# Separated "wants divorce" husband has girlfriend & is keeping her a secret?!



## loveSprite (Jan 5, 2015)

*Separated "wants divorce" husband has girlfriend & is keeping her a secret?!*

Sorry gang, I tried to keep it short but the words kept flowing out through my pain...:frown2: 

You guys have helped me so wonderfully and caring through the separation process, and unfortunately now my husband is pushing us into the divorce process. 

Her name is "Candy"(yeah right). I found out about this "friend" a little before Valentines day this year from my 5 year old son. When I asked my husband who Candy was since our son brought her up to me, he said it was a friend and basically told me in a non-confrontational way that it wasn't any of my business. 

I'm not gonna retell my long story and put you guys to sleep, but here's a summary: To give you a picture of our time in life, I am almost 35 and he is 33 yrs old. I separated from him 6 months ago to cool off and try to work things out - did it for my mental health since I found out he was having an emotional affair on me with a coworker(he still denies it) & was no longer in love with me, and I was extremely devastated and nervous breakdown-ish. Since he had been so loving in the past, I thought he would still be a bit attentive, but since the separation he NEVER contacts me UNLESS it's for business, and would always get pissed and start an "it's all your fault" heated argument if I brought our relationship up.

He recently told me he wants a divorce. He won't change his mind no matter what I do - or _*did*_, since I stopped begging and trying to convince him weeks ago to work it out with me. We did a 50/50 split the regarding joint custody, and my son tells me that "Candy came over" or hung around with them almost every time I pick him up and ask him if daddy and him hung out with any friends - my husband has a lot if friends, figured it wouldn't be too abnormal to ask who they hung out with during their time together. Recently my son said he was tired of Candy coming over, since he wants time with just his daddy!:frown2:

When we first separated, I asked him if he would agree with me that we would NOT expose our child to anyone we're dating unless we were serious about them, and at that point we would also tell the other spouse about wanting to introduce our child to someone else if we were serious about them. I asked him the last condition so that the other spouse could help our son if he had questions about mommy or Daddy's special "friend" and came to the opposite spouse. And he agreed, but was reluctant to the condition of telling the other spouse about the serious relationship. That was close to six months ago, and like I said, he is totally hardcore about getting the divorce filing started ASAP. He got MAD and started an argument when I told him I needed more time to sort things out before the divorce filing!

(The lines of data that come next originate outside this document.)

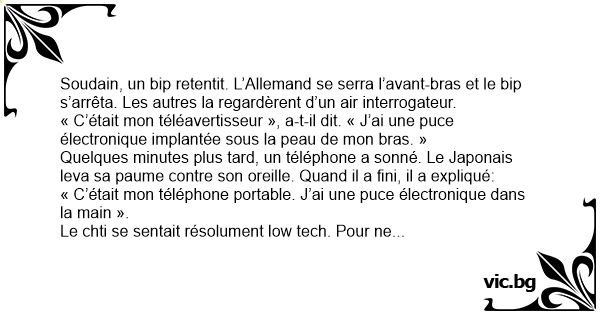 Tres presidentes (Obama, Sarkozy y Calderón) están desnudos en la sauna de la casa blanca, discutiendo cuál será la estrategia a seguir para derrotar al terrorismo. Tre uomini si stanno rilassando in una sauna quando all'improvviso si ode un trillo. Uno di essi porge una mano all'orecchio ed inizia a parlare; quando finisce si sente osservatissimo e spiega: Three men are sitting naked in the sauna. Suddenly there is a beeping sound. The first man presses his forearm and the beeping stops. The others look at him questioningly. "That's my pager," he says. "I have a microchip under the skin of my arm." A few minutes later a phone rings. The second... Tres hombres están desnudos en la sauna. De repente algo empieza a pitar. El primer hombre, un ingeniero de la Politécnica de Cataluña, aprieta su antebrazo y el pitido para. Los otros lo miran inquisitivamente. - "Es mi busca", dice. "Tengo un microchip bajo la piel de mi brazo". Unos minutos... Três homens estavam sentados nus na sauna. Um Americano, um Japonês e um Brasileiro. De repente, um bip soa. O Americano pressiona seu antebraço e o barulhinho pára. Os outros olham para ele, curiosos. — É meu pager, meu aparelhinho de bip, ele fala. Tenho um microchip sob a pele do meu braço.... Bill Gates, Andrew Grove von Intel und Jerry Sanders von AMD sitzen in einer Konferenz. Plötzlich entschuldigt sich Bill Gates und fängt an, mit seiner Armbanduhr zu reden. Grove und Sanders... Three guys are sitting in a sauna: a Mexican, an Asian, and a white guy. The Mexican and white guy are showing off their new tech gadgets. The white guy says, "Hey, look what I got: the new Google... Eram três homens um Brasileiro um Chinês e um Argentino. O Chinês todo esperto enventou um celular na mão e disse: -Olha Brasileiro olha Argentino. E os dois: -Nooooooooooooooossa. e o... Japanilainen, saksalainen ja suomalainen olivat lounaalla ravintolassa. Japanilaisen kello alkoi soida, ja hän vastasi kellopuhelimeensa. Suomalainen tuumasi, että onpas tekniikka kehittynyt... Suomalainen, sveitsiläinen ja japanilainen insinööri olivat kokoontuneet neuvotteluun. Yllättäen jostain kuului pirinää, sitten sveitsiläinen insinööri alkoi puhua rannekelloonsa. Hetken päästä...
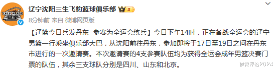 辽宁官方社媒发文说道:今日下午14时,正在备战全运会的辽宁男篮一行乘坐俱乐部大巴,从沈阳前往丹东,参加即将于17日至19日之间在丹东市进行的一次邀请赛。
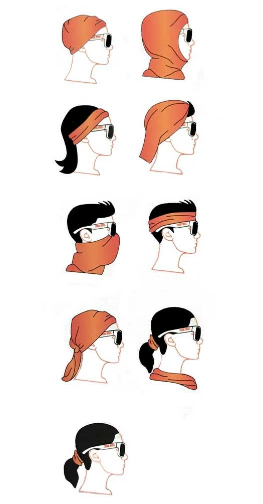 - Headband, neck gaiter, buff, pony-tail holder, sun protection
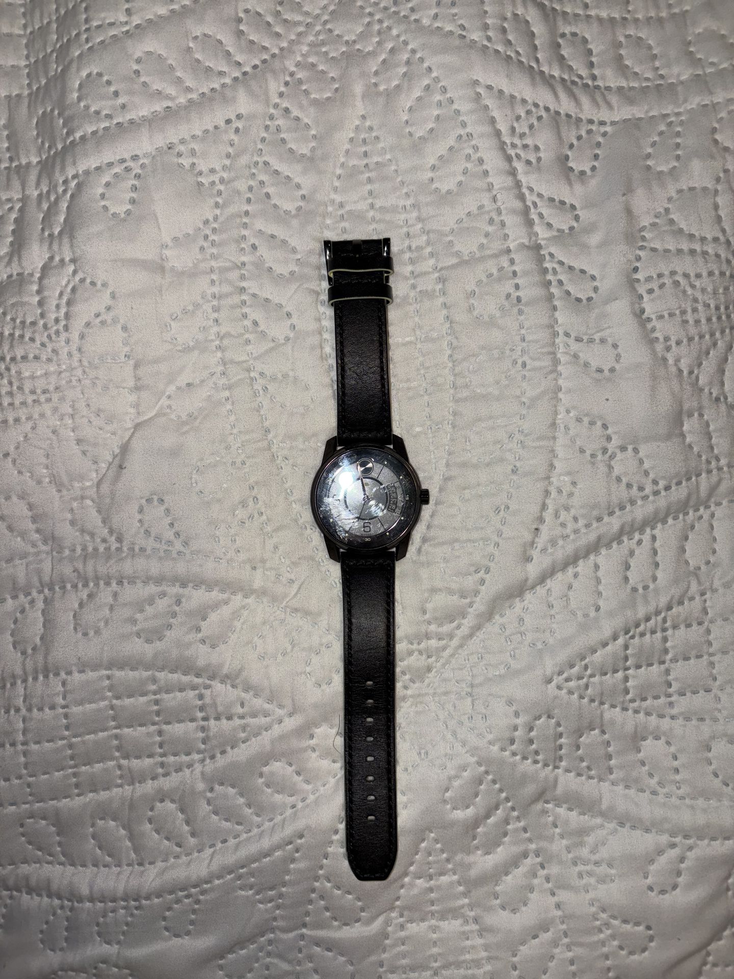Movado Bold Men's Verso Black Dial Black Leather Strap Watch
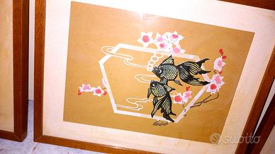 Set di sei stampe artistiche incorniciate in stile tradizionale giapponese, vintage, probabilmente anni 60 30€
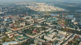 Gomel, . Aerial View Of Bird's-eye View, Flight Above Homiel. Circus, Sovetskaya Street, Residential Districts, Downtowns. Traffic On Streets.Gomel, . Aerial View Of Bird's-eye View, Flight Above
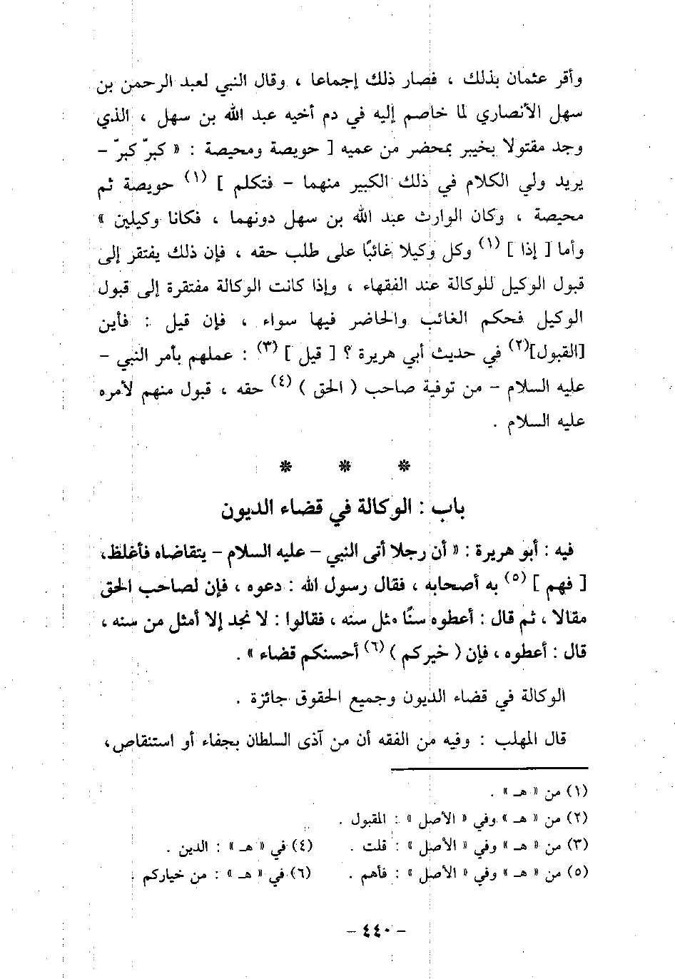 / 7 - فيه: أَبُو هُرَيْرَةَ، أَنَّ رَجُلاً أَتَى النَّبِىَّ، عليه السلام، يَتَقَاضَاهُ فَأَغْلَظَ، فَهَمَّ بِهِ أَصْحَابُهُ، فَقَالَ رَسُولُ اللَّهِ (صلى الله عليه وسلم) : (دَعُوهُ، فَإِنَّ لِصَاحِبِ الْحَقِّ مَقَالاً) ، ثُمَّ قَالَ: (أَعْطُوهُ سِنًّا مِثْلَ سِنِّهِ) ، فَقَالُوا: لاَنجد إِلاَ أَمْثَلَ مِنْ سِنِّهِ، فَقَالَ: (أَعْطُوهُ، فَإِنَّ مِنْ خَيْرِكُمْ أَحْسَنَكُمْ قَضَاءً) . الوكالة فى قضاء الديون وجميع الحقوق جائزة. قال المهلب: وفيه من الفقه أن من آذى السلطان بجفاء أو استنقاص،

We live in California, which is a no fault state, so I couldn't get him on adultery to get anything out of him - or can I (I don't know for sure)? Plus we have no big money assets/items since we've been married, other than a few shared stocks that are only in the 1K-2K range. We also had to short sale our house a few years back. So I don't think it's about money. I wanna confront him about it but he gets so damned angry when I bring our relationship up.

I used to try and keep things calm since I still love him an wanted us to work out, but now I have nothing to lose other than a divorce from a spouse with an "attitude" (which I do not want) and my love is also deteriorating (thank God :grin2. He recently told me he wasn't attracted to me anymore - he told me this after I tried to get "close" to him with a little flirting. Before he couldn't keep his hands off of me. When he told me that, he had tears in his eyes, said he didn't want to hurt me.

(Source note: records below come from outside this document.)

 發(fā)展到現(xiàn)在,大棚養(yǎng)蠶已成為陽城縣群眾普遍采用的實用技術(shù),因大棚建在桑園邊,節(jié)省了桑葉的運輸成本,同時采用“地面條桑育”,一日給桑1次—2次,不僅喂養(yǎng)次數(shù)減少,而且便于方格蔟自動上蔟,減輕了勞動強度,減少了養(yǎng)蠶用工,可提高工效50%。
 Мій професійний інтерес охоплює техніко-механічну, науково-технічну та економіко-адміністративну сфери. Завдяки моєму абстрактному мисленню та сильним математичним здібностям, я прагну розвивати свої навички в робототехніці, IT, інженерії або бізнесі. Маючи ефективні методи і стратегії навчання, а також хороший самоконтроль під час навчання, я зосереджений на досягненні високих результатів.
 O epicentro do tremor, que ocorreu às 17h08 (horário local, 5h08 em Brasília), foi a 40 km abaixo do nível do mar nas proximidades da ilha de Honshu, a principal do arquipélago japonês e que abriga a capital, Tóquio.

I'm getting ready to give him the "free to leave the cage" letter recommended by the book Love Must Be Tough, to let him go. If he comes back to try again I'd do it because I believe strongly in marriage commitment, but it would take a LONG TIME and good Christian counseling before we get to a good point. But for now I'm moving on with my life, peeling his hold off of my heart and getting ready for the divorce filing.

So my question is: Why is he keeping her a secret? 

Thanks as always guys! :smile2:


----------



## tenac (Jun 3, 2015)

*Re: Separated "wants divorce" husband has girlfriend & is keeping her a secret?!*

He just doesn't want to share his personal issues with you, it's as simple as that.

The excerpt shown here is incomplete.